> [TASK INSTRUCTIONS]
Reproduce from the records below, with no pictures, exactly the lines between the one containing "PDF内の一部分、たとえば画" and the one containing "Максим Мірошніченко не", inclusive.
---------- SOURCE MATERIAL ----------
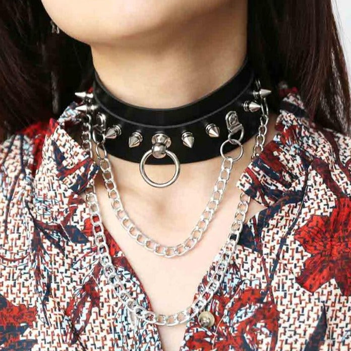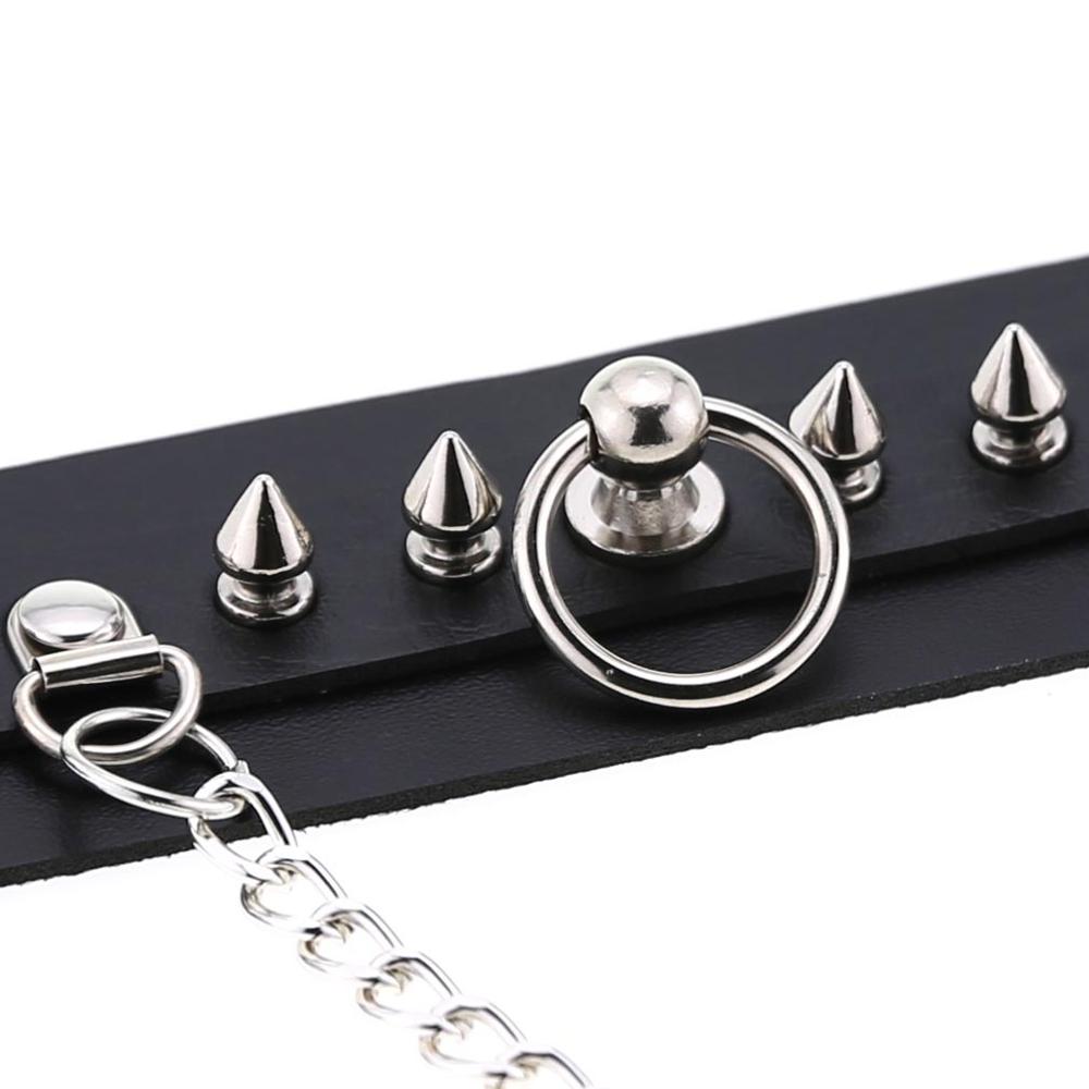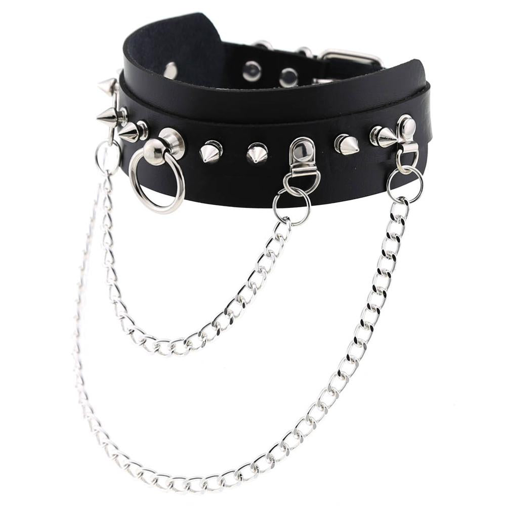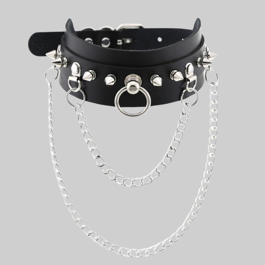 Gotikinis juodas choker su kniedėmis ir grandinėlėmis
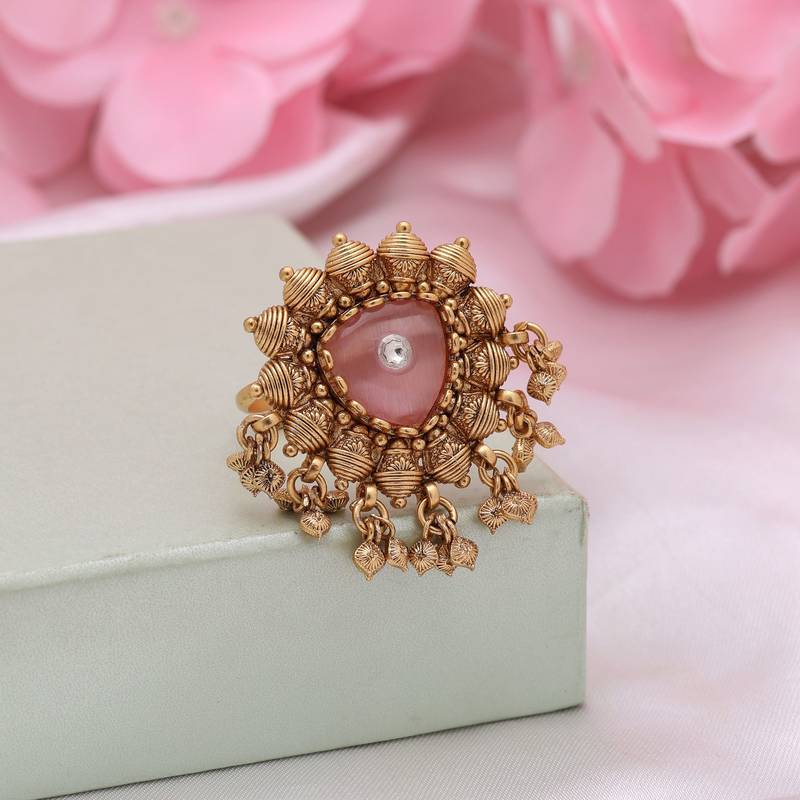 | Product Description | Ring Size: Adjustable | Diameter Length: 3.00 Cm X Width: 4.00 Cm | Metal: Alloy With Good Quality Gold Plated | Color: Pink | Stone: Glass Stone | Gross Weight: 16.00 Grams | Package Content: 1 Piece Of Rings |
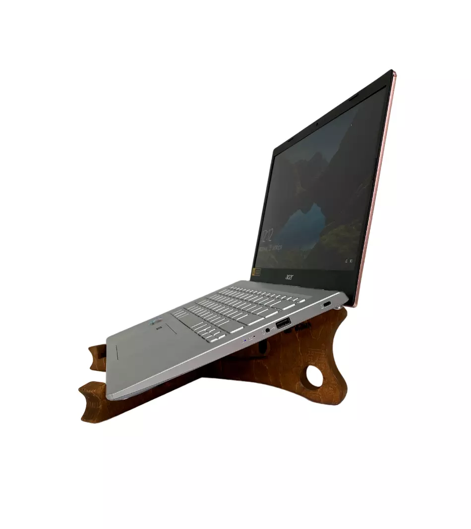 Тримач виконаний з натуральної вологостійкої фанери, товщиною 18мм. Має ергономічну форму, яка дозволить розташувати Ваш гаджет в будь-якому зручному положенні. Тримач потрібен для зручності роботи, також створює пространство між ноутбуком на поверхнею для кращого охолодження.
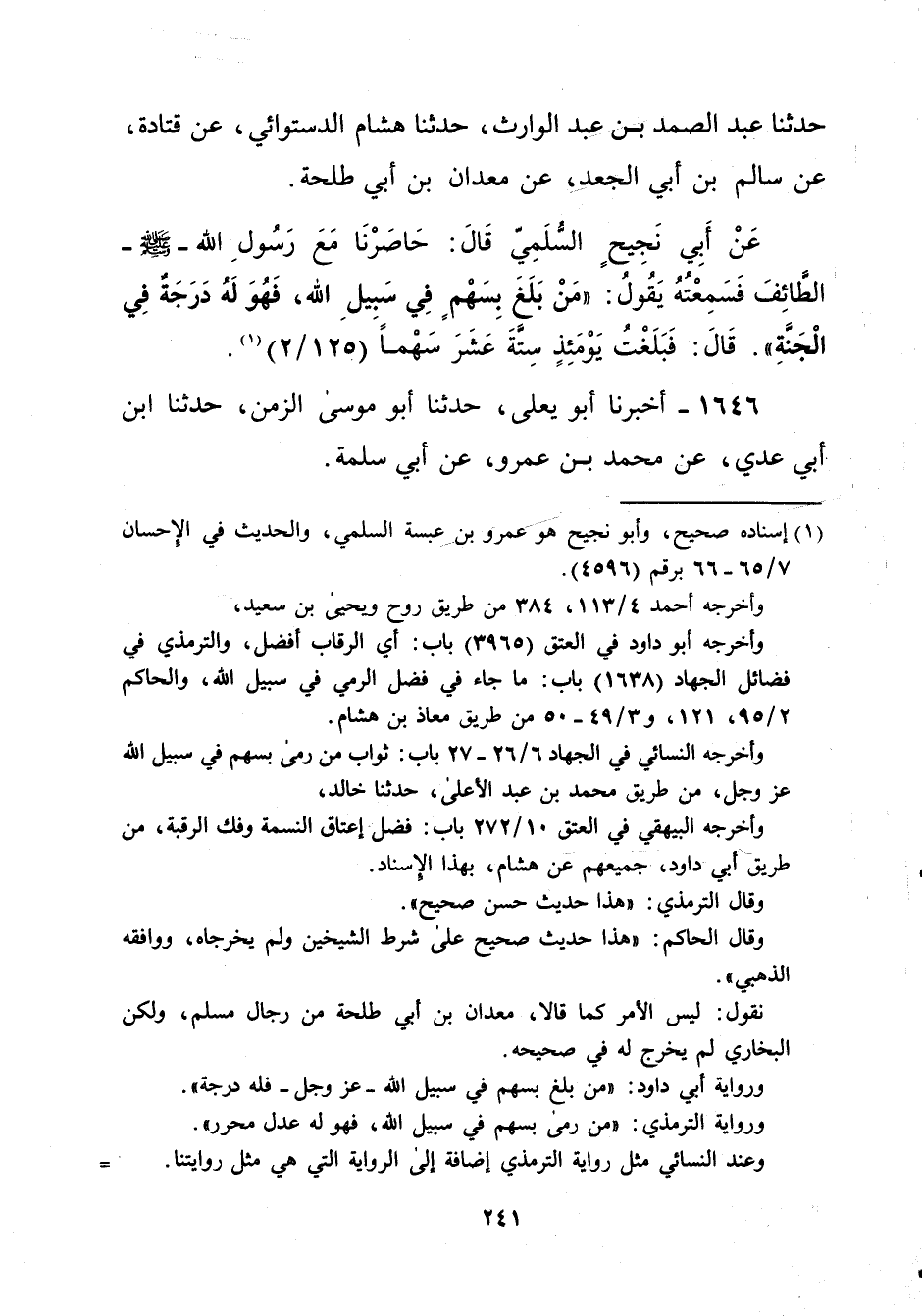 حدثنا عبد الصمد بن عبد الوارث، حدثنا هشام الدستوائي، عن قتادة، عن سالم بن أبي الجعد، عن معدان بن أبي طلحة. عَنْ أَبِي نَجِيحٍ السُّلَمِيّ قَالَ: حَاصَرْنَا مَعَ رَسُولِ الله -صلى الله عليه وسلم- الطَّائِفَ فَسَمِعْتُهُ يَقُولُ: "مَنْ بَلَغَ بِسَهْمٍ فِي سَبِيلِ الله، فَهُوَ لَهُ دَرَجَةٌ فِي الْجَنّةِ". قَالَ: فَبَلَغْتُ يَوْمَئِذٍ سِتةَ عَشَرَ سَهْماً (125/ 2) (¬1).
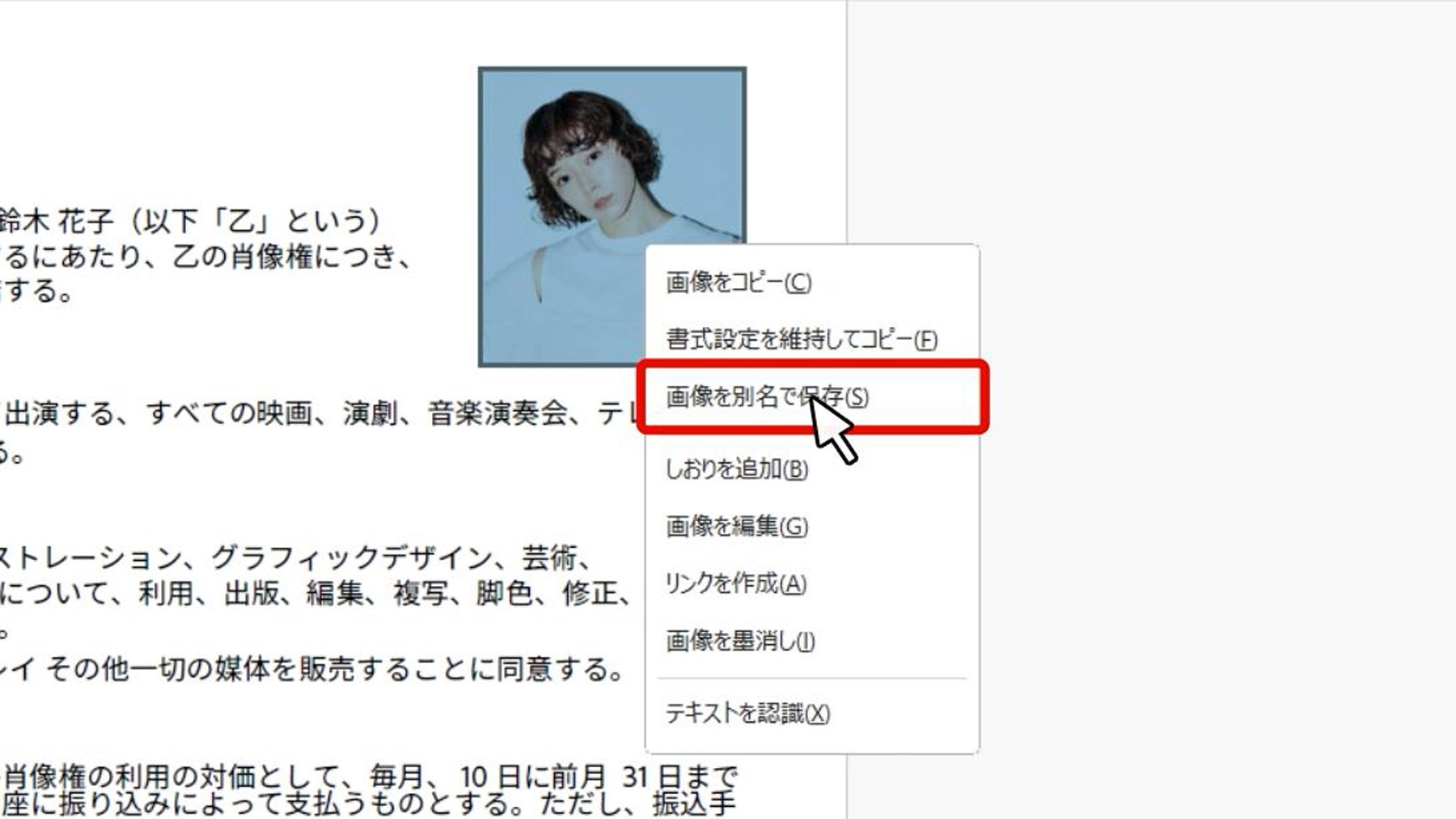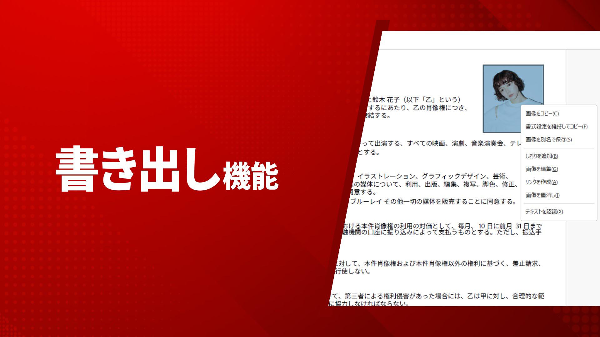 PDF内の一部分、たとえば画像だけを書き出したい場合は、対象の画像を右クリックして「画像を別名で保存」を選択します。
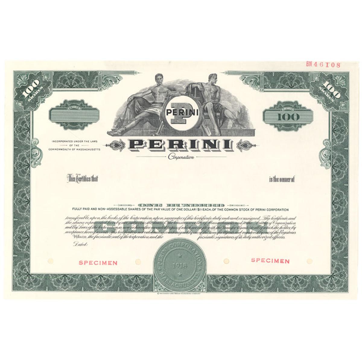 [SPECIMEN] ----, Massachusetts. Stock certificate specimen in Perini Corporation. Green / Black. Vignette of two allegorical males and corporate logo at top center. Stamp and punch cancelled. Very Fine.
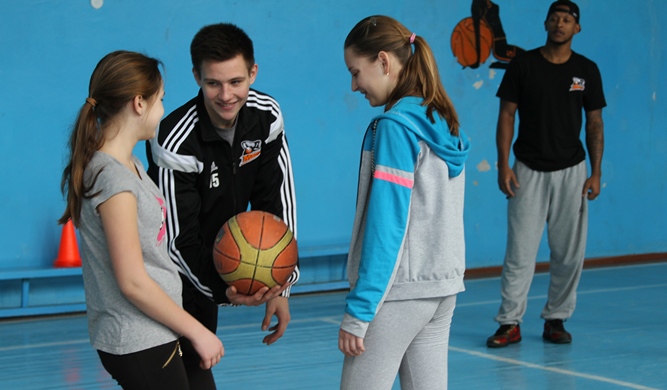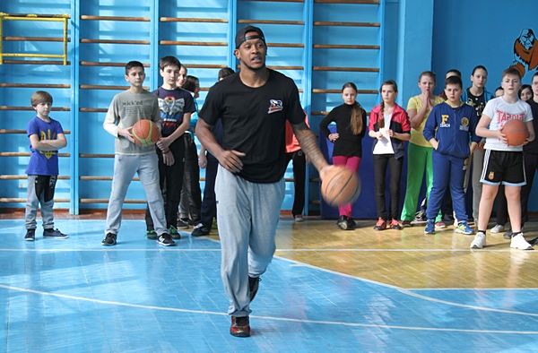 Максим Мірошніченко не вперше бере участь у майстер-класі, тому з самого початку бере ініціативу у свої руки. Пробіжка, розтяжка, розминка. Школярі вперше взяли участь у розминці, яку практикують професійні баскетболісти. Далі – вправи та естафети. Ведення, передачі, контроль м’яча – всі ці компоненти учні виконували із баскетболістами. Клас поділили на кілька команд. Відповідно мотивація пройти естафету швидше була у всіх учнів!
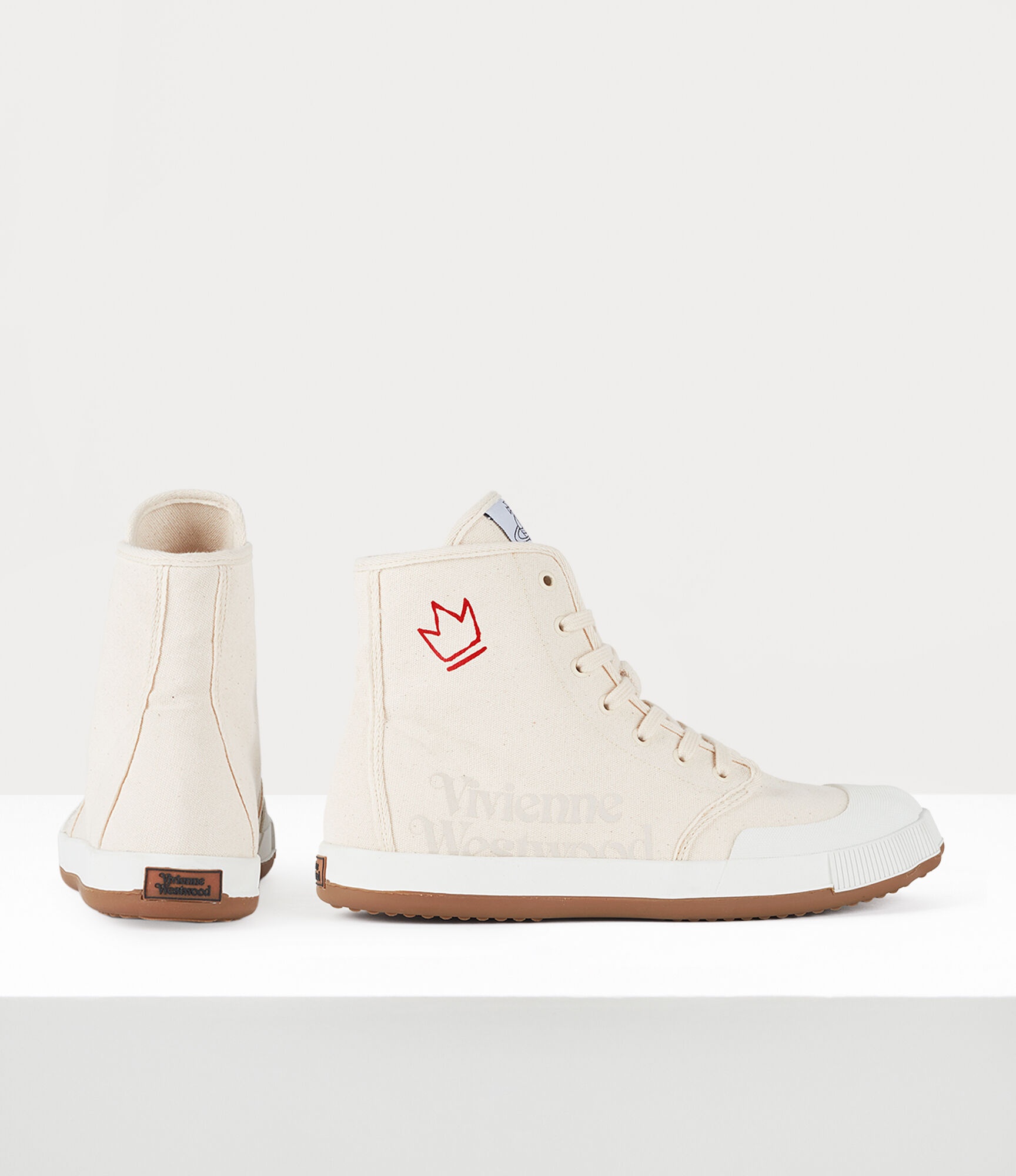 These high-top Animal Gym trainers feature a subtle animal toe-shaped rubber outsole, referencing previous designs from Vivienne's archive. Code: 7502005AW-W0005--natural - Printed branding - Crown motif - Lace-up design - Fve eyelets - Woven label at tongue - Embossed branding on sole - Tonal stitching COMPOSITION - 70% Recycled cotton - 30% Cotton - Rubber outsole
----------
> [RESPONSE BOX]
 PDF内の一部分、たとえば画像だけを書き出したい場合は、対象の画像を右クリックして「画像を別名で保存」を選択します。
 [SPECIMEN] ----, Massachusetts. Stock certificate specimen in Perini Corporation. Green / Black. Vignette of two allegorical males and corporate logo at top center. Stamp and punch cancelled. Very Fine.
 Максим Мірошніченко не вперше бере участь у майстер-класі, тому з самого початку бере ініціативу у свої руки. Пробіжка, розтяжка, розминка. Школярі вперше взяли участь у розминці, яку практикують професійні баскетболісти. Далі – вправи та естафети. Ведення, передачі, контроль м’яча – всі ці компоненти учні виконували із баскетболістами. Клас поділили на кілька команд. Відповідно мотивація пройти естафету швидше була у всіх учнів!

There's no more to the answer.